= Constance Isabel Smith =

British novelist

Constance Isabel Smith (June 1894 – after 1932) was a popular British novelist. She was born in Battersea, London, to Sydney James Smith, a tailor, and Isabel Smith. In 1911 they were living at 7 Spencer Road, New Wandsworth, Battersea, London and Constance was a student.

== Life and works ==
Constance Isabel Smith's novels include Adam's First Wife (1920), Intensity: A Simple Story (1921), The Escaped Wife (1924), Storm Dust (1925), Just Impediment? (1925), Lotus Lane: The Story of a Marriage (1927), and The Tenth of March (1929).

She also wrote under the pseudonyms Isabel Beaumont and Eleanor Reid.
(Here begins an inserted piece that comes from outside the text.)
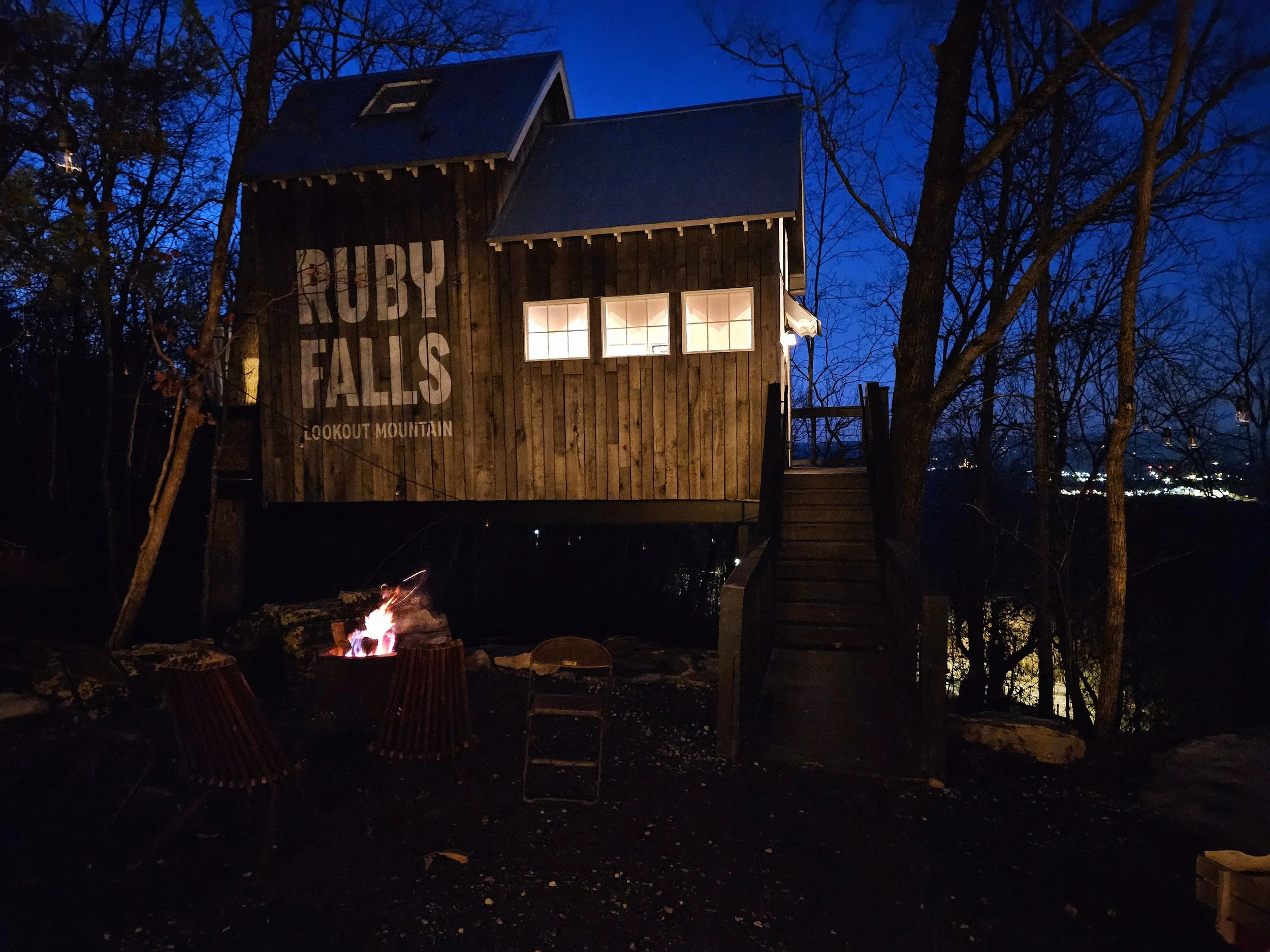 Each treehouse has a hammock built for two as well as a private firepit so you can spend romantic evenings cozying up to a fire under a canopy of stars as you take in the city lights and views of the Tennessee River below.

Writing as Isabel Beaumont, she won the 250-guinea Melrose Prize for her 1922 novel Secret Drama. She followed this with Smokless Burning (1922).

Writing as Eleanor Reid, she published The Fortunate Woman (1922), Marrying Madeline (1922), The Fallen (1923), Through the Curtains (1925), The Barrington Scandal (1925), Mackerel Sky (1926), The Tenth of March (1929), Last Will and Testament (1930), and A Wife and Child (1932).